Ex-Elf chief to appear in Togo court over fraud probe
The former head of French oil giant Elf, Loik Le Floch-Prigent, is due to appear in a Togolese court Monday after being extradited in a fraud probe, a move condemned by his lawyer.
The former Elf chairman was arrested in Ivory Coast’s economic capital Abidjan on Friday night as he tried to board an Air France flight to Paris, an Ivorian security source said.
He was transferred to Togo the next day, under an international arrest warrant, and is due to appear in court in the Togolese capital Lome on Monday.
Le Floch-Prigent’s lawyer Patrick Klugman denounced the swift international transfer.
“The forms of extradition as we currently know them were not respected,” Klugman said. He earlier condemned the transfer as a “kidnapping” but later backtracked from the remark.
An Ivorian prosecutor however said the transfer was an operation between two police forces in line with international police organisation Interpol rules.
Le Floch-Prigent’s lawyer in Togo told AFP he was able to visit him on Sunday night at the police station in Lome, where he was being held in an office.
He said he had not been subjected to abusive treatment while being detained, but he repeated earlier concerns raised by Klugman, saying his health was fragile and he is due to have an operation, without providing further details.
“He will be presented to a judge this morning, but we do not know what time he will be there,” Rustico Lawson-Bankou said.
He was expected to be questioned by a judge in a procedure that would be closed to the public, in line with Togolese judicial procedures.
The investigation involves a complaint from an Emirati businessman who alleges he was the victim of a $48-million (37-million-euro) fraud.
The businessman, Abbas Al Yousef, claims Le Floch-Prigent was acting as his personal adviser during the alleged fraud.
Togo’s former minister of territorial administration, Pascal Bodjona, has been charged over the allegations as well as Togolese businessman Bertin Sow Agba.
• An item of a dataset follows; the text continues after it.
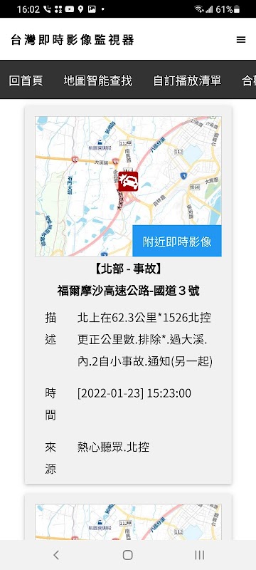 Màn hình video thời gian thực trên khắp Đài Loan, chẳng hạn như đường quốc lộ, đường cao tốc, đường đô thị và các điểm du lịch nổi tiếng, cung cấp tài liệu tham khảo lập kế hoạch du lịch miễn phí cho mọi người.

A lawyer for Bodjona alleged on Sunday that authorities were targeting his client because there was speculation he planned to run for president in 2015.
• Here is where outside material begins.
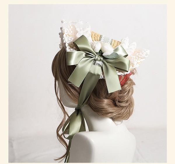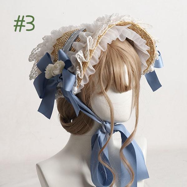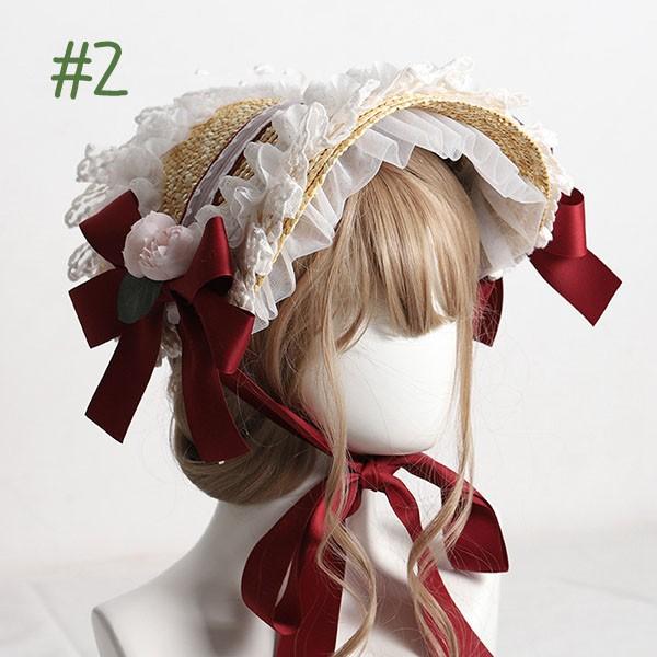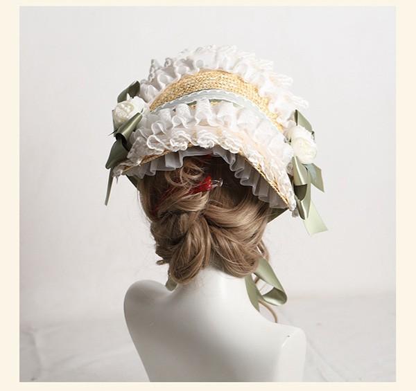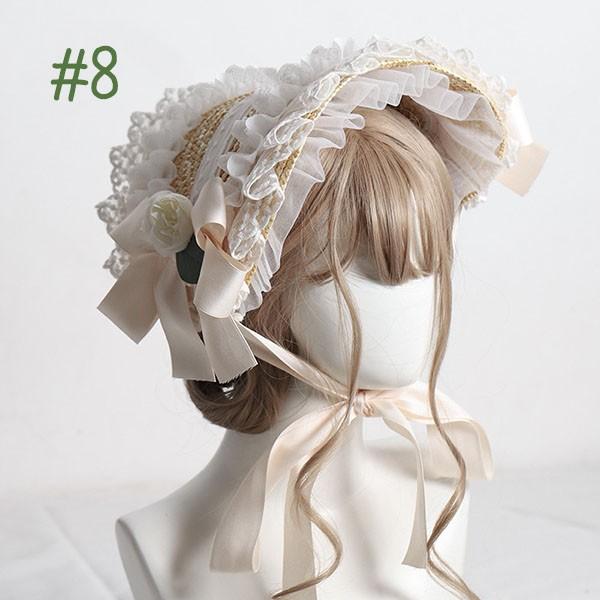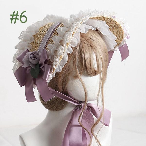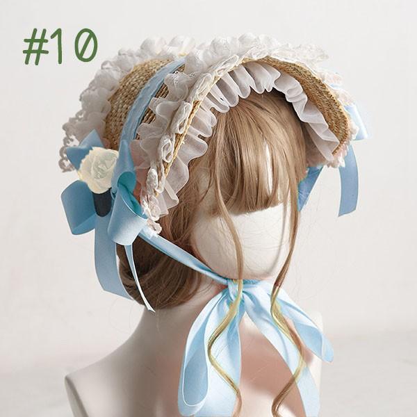 ストローハット クラシカルハット ロリィタ ロリータボンネット レース帽 コスプレ 女の子 帽子 ヘアアクセサリー ヘッドドレス 茶話会

The lawyer, Jil-Benoit Afangbedji, alleged there was also speculation that Agba would finance his campaign.
Klugman also claimed his client was caught up in an internal Togolese political affair. He said he feared for the health of Le Floch-Prigent, who turns 69 later this month and has a medical appointment in France on September 26.
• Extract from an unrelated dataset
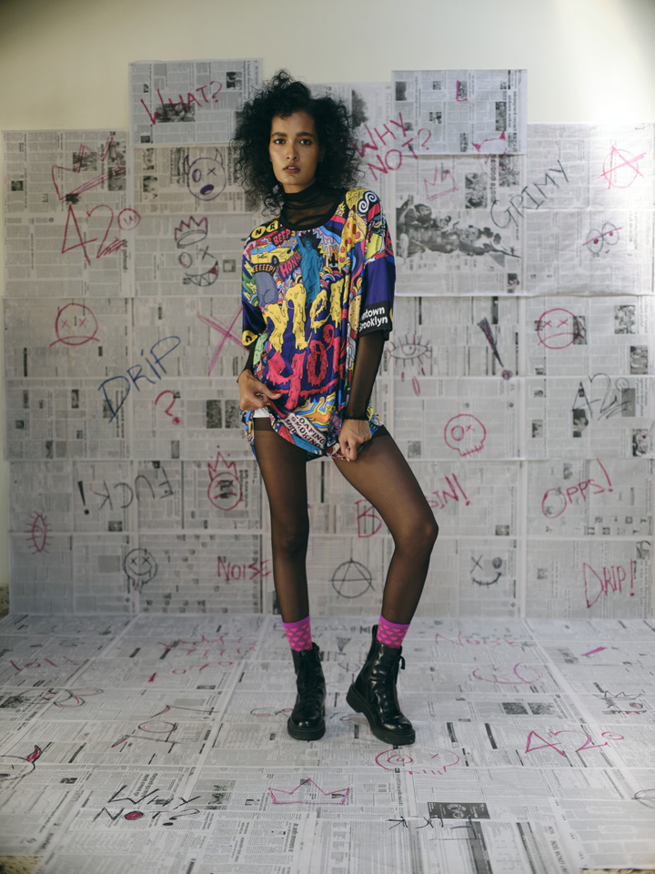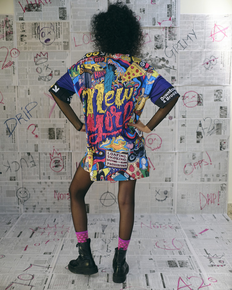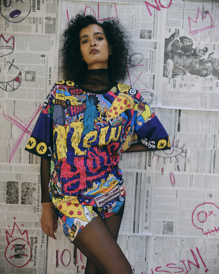 A vibrant oversized tee featuring a bold New York pop-art illustration, packed with comic-style graphics, iconic city elements, and a colourful streetwear edge. Lightweight and unisex.

The case involves a complex set of circumstances, with accusations that a network claimed to have access to $275 million in a Togolese account left by former Ivorian military ruler Robert Guei, who was killed in 2002.
Al Yousef, who manages investments, including in the oil and gas industry, alleges $48 million was embezzled from him in the affair.
Le Floch-Prigent, currently an oil industry consultant, has already served jail terms in France for corruption which dated from his time as head of Elf from 1989 to 1993.
Several Elf senior managers were jailed after a corruption scandal that broke in the 1990s. The company was taken over by French oil giant Total in 2000.
Le Floch-Prigent’s swift transfer to Togo comes after Lome earlier this year arrested and extradited the former defence minister of Ivory Coast’s disgraced ex-president Laurent Gbagbo.
Moise Lida Kouassi had fled to Togo in the chaotic and bloody months after Gbagbo refused to acknowledge his defeat to current President Alassane Ouattara in November 2010 presidential polls.
Togo, a nation of six million people under French control prior to independence in 1960, has been run by the same family for more than four decades.
The military installed President Faure Gnassingbe in power after the 2005 death of his father Gnassingbe Eyadema, who had ruled the west African nation with an iron fist for 38 years. He has since won elections in 2005 and 2010.